● Data excerpts:
+ + + +

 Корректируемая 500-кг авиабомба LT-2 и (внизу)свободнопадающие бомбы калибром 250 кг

+ + + +

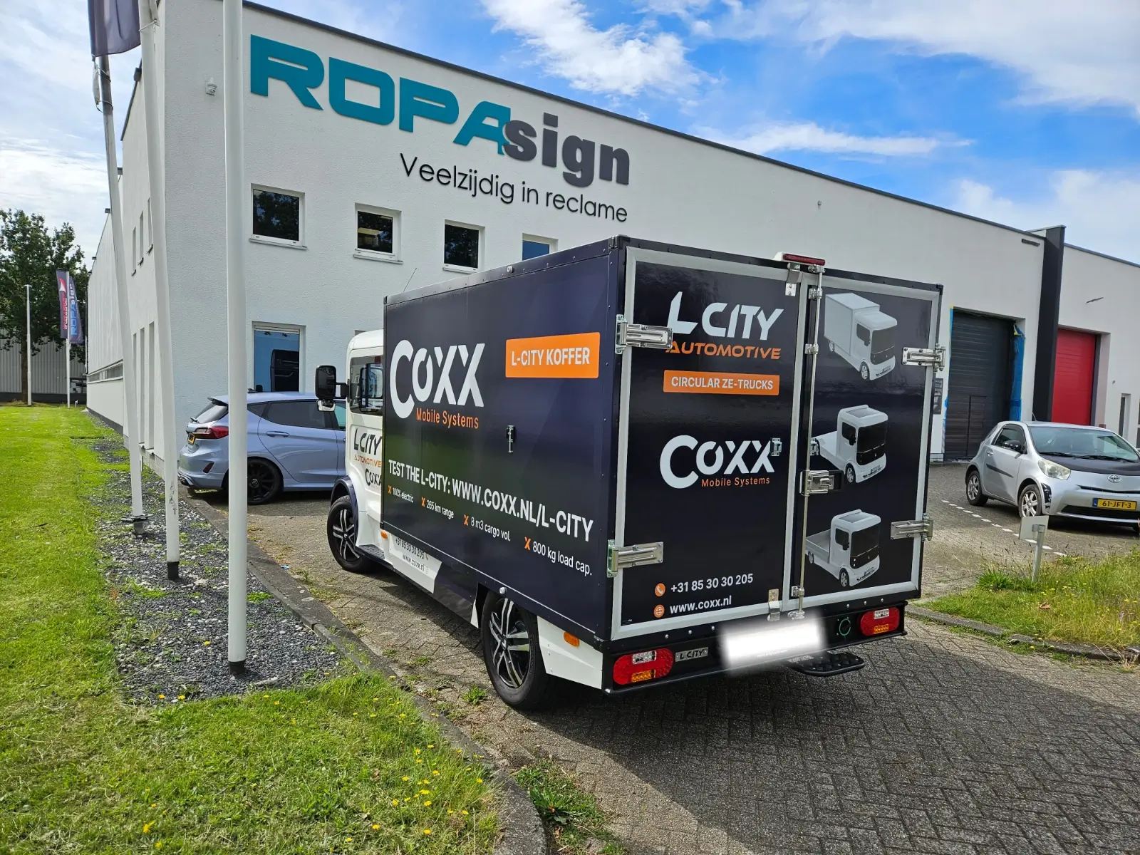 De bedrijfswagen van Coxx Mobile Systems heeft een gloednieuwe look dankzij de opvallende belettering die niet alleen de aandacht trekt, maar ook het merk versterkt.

+ + + +

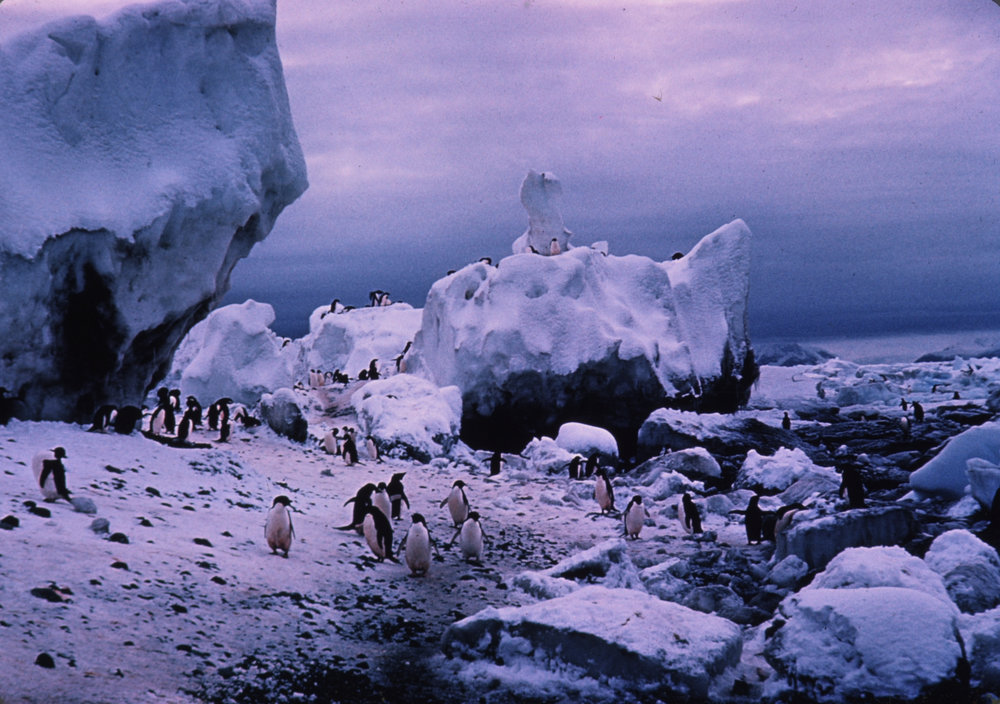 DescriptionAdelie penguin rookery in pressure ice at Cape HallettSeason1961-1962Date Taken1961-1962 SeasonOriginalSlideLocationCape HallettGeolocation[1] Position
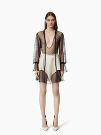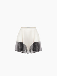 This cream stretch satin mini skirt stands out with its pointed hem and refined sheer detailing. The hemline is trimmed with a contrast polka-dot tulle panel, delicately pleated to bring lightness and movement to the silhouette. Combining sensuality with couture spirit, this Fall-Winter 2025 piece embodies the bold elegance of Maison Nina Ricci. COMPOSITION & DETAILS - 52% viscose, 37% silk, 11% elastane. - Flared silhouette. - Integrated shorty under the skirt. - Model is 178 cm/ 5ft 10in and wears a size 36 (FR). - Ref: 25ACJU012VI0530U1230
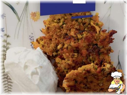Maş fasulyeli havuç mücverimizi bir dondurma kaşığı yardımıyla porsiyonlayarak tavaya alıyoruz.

+ + + +

● What the task asks: Output only the lines above from the one containing "DescriptionAdelie penguin rookery" to the one containing "Maş fasulyeli havuç", both included, exactly as written and with no pictures.

● Task result:
 DescriptionAdelie penguin rookery in pressure ice at Cape HallettSeason1961-1962Date Taken1961-1962 SeasonOriginalSlideLocationCape HallettGeolocation[1] Position
 This cream stretch satin mini skirt stands out with its pointed hem and refined sheer detailing. The hemline is trimmed with a contrast polka-dot tulle panel, delicately pleated to bring lightness and movement to the silhouette. Combining sensuality with couture spirit, this Fall-Winter 2025 piece embodies the bold elegance of Maison Nina Ricci. COMPOSITION & DETAILS - 52% viscose, 37% silk, 11% elastane. - Flared silhouette. - Integrated shorty under the skirt. - Model is 178 cm/ 5ft 10in and wears a size 36 (FR). - Ref: 25ACJU012VI0530U1230
Maş fasulyeli havuç mücverimizi bir dondurma kaşığı yardımıyla porsiyonlayarak tavaya alıyoruz.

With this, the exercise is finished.